Weekends and nights are a quiet time these days in the control room, but the lack of noise isn’t from a lack of collisions. Last weekend, in a single run, ATLAS collected almost as much data as in the previous months, thanks to a new peak luminosity record of 5 x 1029 cm-2 s-1. Every crossing of the beams brought, on average, more than one pair of protons colliding!
During the day, the LHC performs tests and calibrations that allow a gradual increase in the number of collisions per second and continue the fantastic trend of doubling datasets. In the ATLAS control room, experts spend the day also testing, calibrating, improving, breaking, fixing, and tweaking small corners of our humming giant. At night, when the experts sleep and the tweaking pauses, the LHC and ATLAS run smoothly, collecting data, under the watch of dedicated and caffeinated night shifters.
Testing and tuning aren’t the only reasons for collisions to stop, however. Last week, a lightning bolt caused a power fluctuation which caused the beam to dump. A problem with a file server system, not developed by the LHC, also caused a delay.
These problems, however, are small and unimaginative compared to others in the past. The predecessor of the LHC, LEP, which was in the same tunnel, untangled some rather unexpected issues. The water in Lake Geneva compresses the ground in the region. When the water level changes due to seasonal variations, the nearby topology changes. The change is very slight, but the accelerator was so sensitive that even this tiny shift in the position of the magnets had to be accounted for.
The position of the moon and its gravitational field also had an effect on the energy of the LEP beams. Not all mysteries had natural origins, however. For months, LEP observed noise in their system that they couldn’t trace. Only when the French railway workers went on strike and the noise disappeared did they realize that the passing TGV was inducing unwanted current in a vacuum chamber. And finally, more locally, some difficulty in getting the beams to circulate more than 15 times was traced to a single quadrupole magnet. When the magnet was examined closely, two empty beer bottles were found actually inside the accelerator.
The LHC, at least so far, has had only one (at least, of which I am aware) bizarre externally-induced problem: the notorious day it was brought down for a short while by a bird with a baguette.
These sorts of problems might make the accelerator seem delicate. It is, after all, more than 26 km of some of the world’s most precise technology. Pushing the forefront of engineering and technology — the fastest humans have ever made something go, the smallest scales we have ever seen — requires building something crazily large and crazily sensitive.
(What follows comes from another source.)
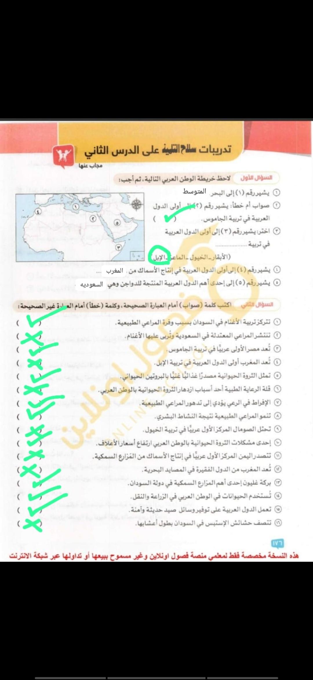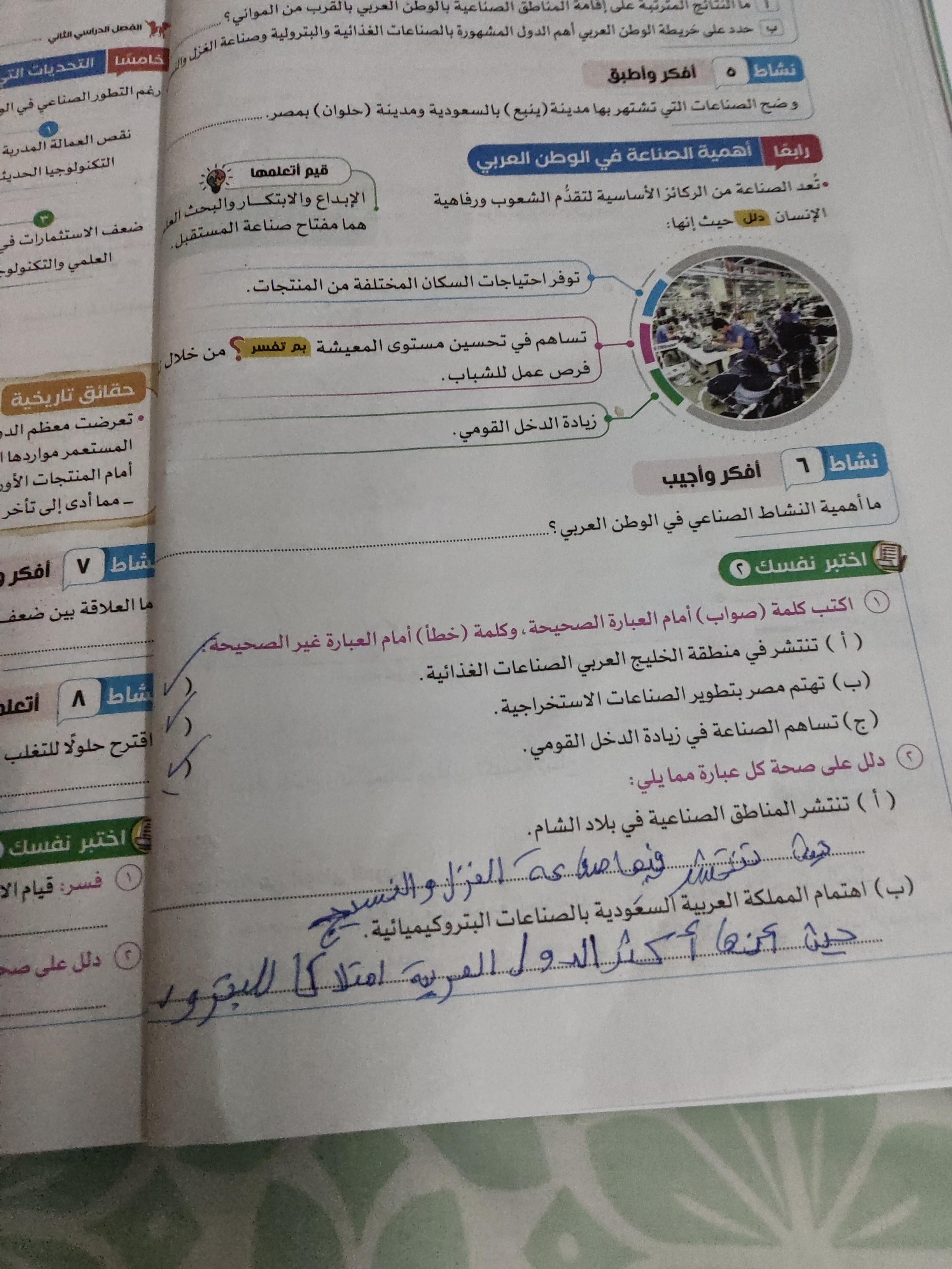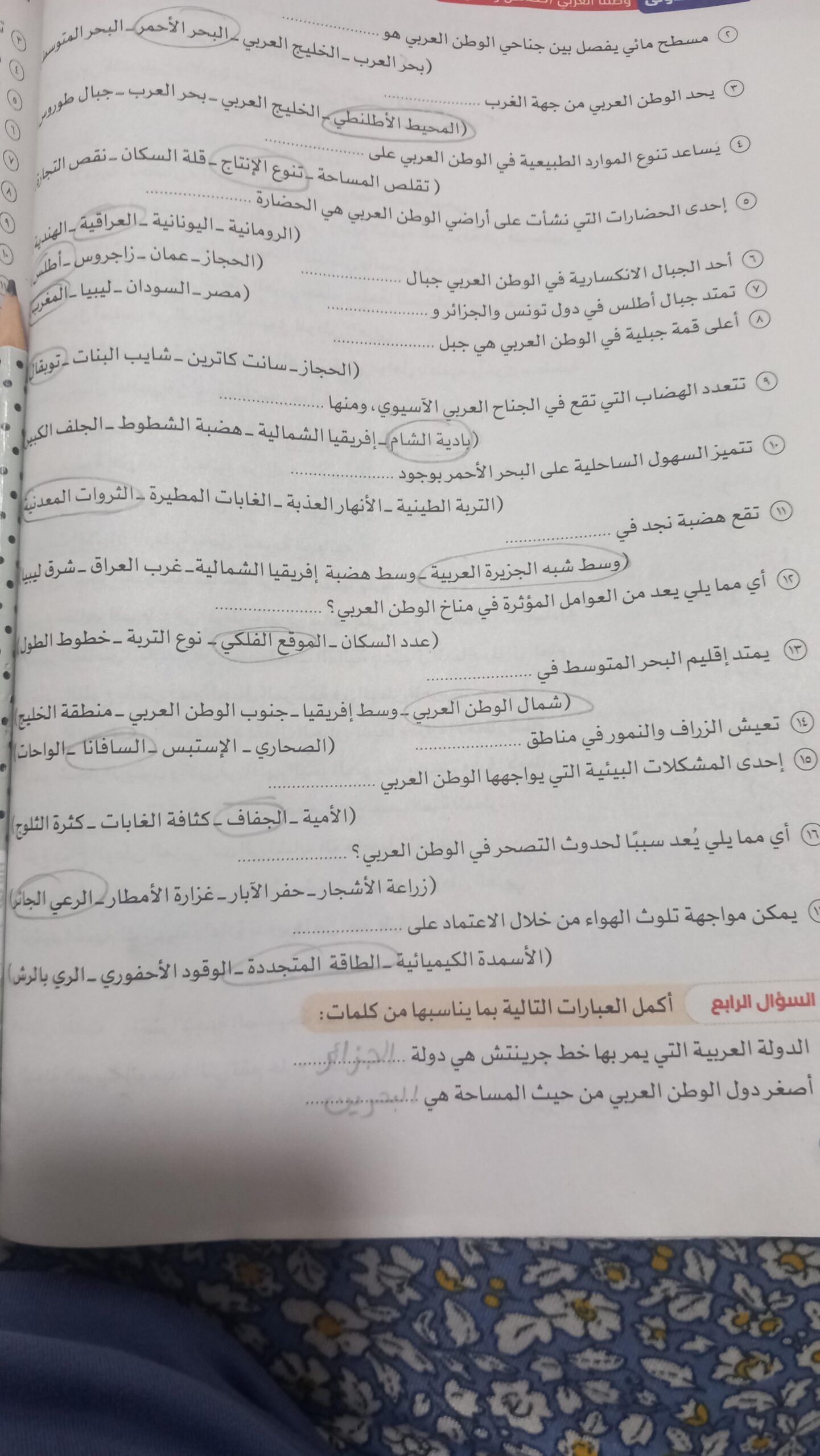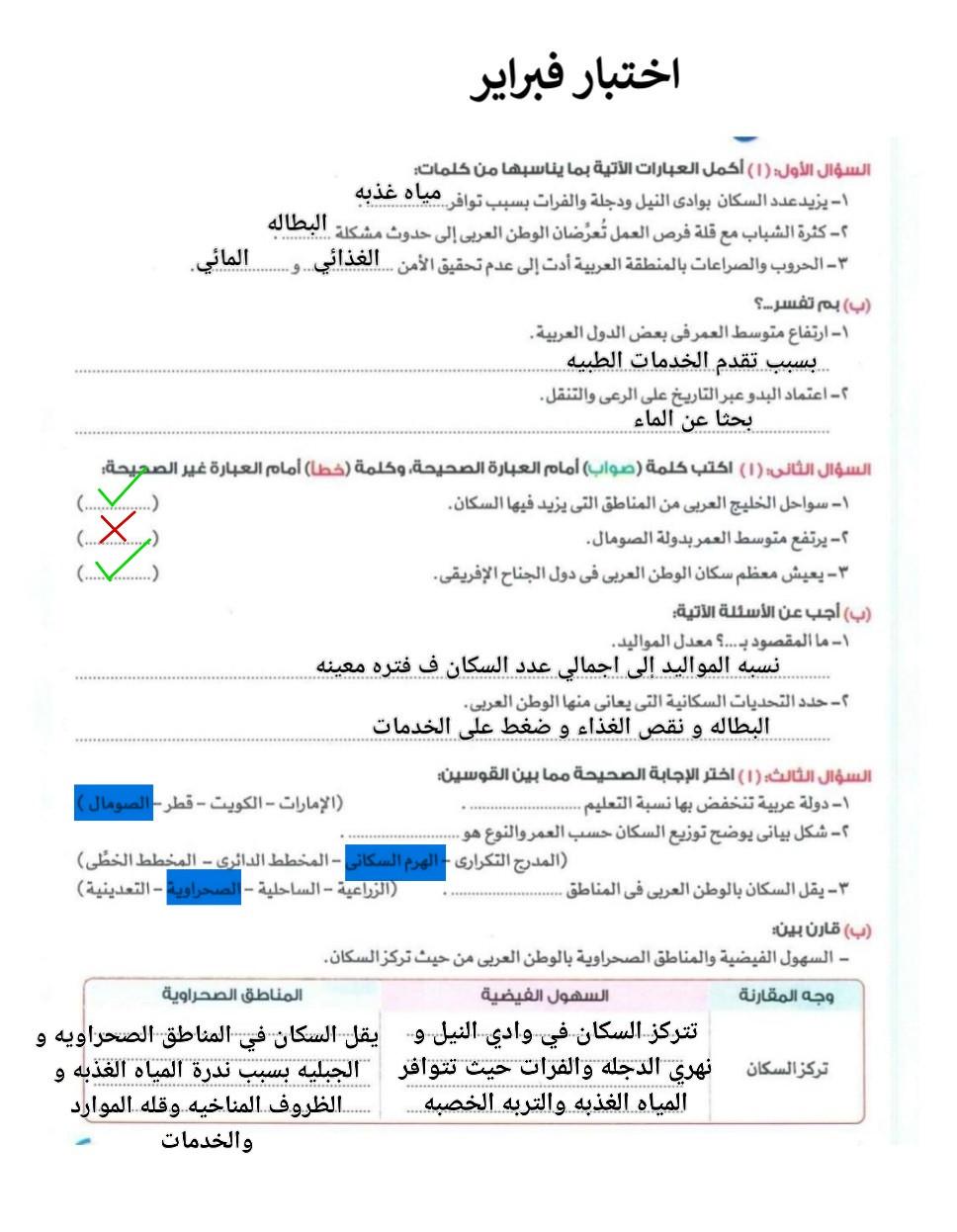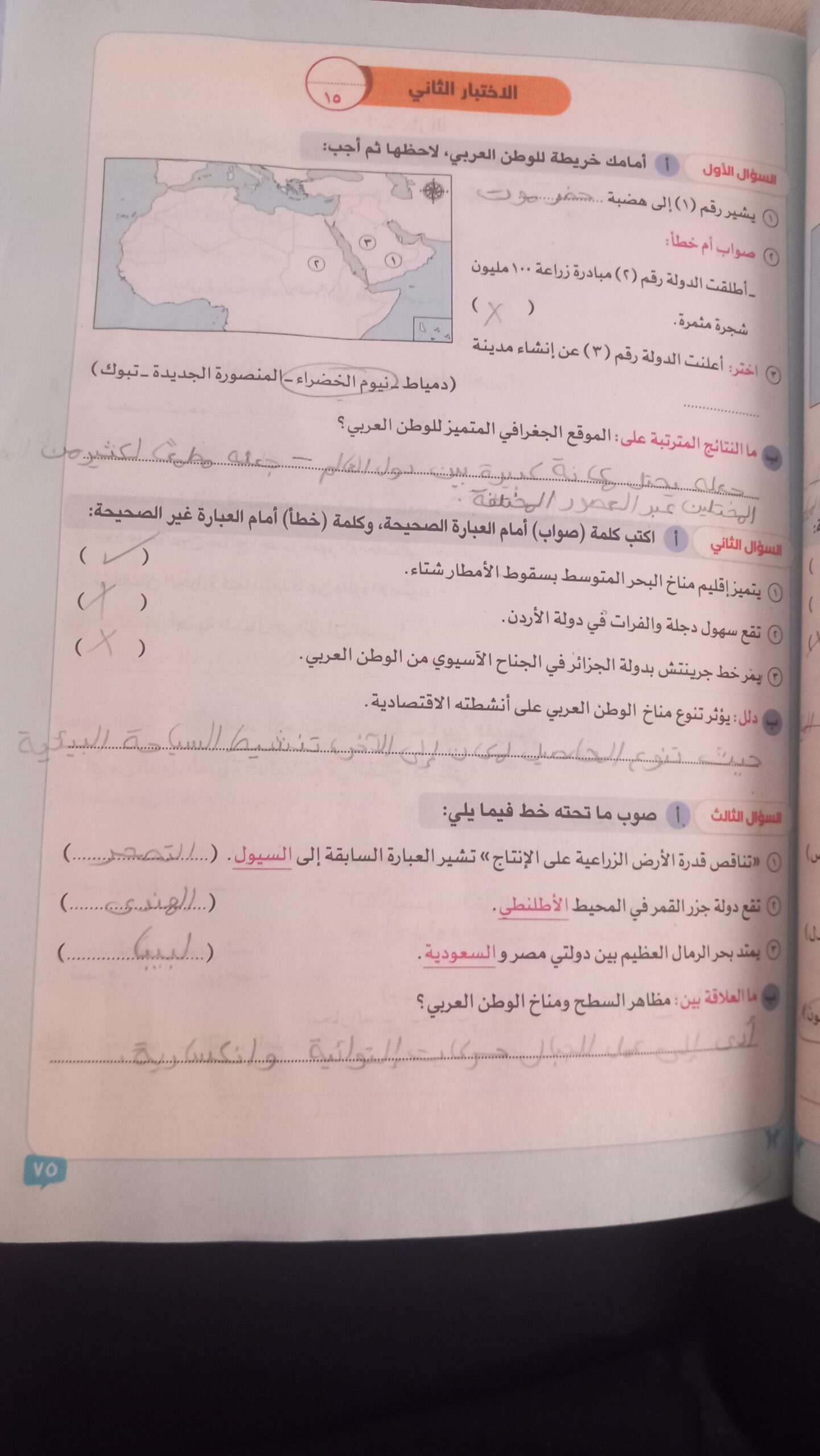 اخدنا اليوم الاهميه الاستراتيجيه والاقتصاديه للوطن العربي وحلينا تدريبات الكتاب المدرسي والواجب تدريبات سلاح التلميذ ص 20 و21 و22

But its fragility is strengthened by adaptability, and by a team of experts working round the clock to solve problems bizarre and routine alike. As problems arise, solutions are found. It was not designed to be started one day with a big button and left running unobserved for years; unexpected problems are expected. As long as the LHC is kept safe from its own stored energy — and that is what many of the current tests are ensuring — baguettes and lightning bolts may cause a few minutes of excitement in the ATLAS control room and a period of hard work in the LHC one, but, after a pause, the collisions will continue.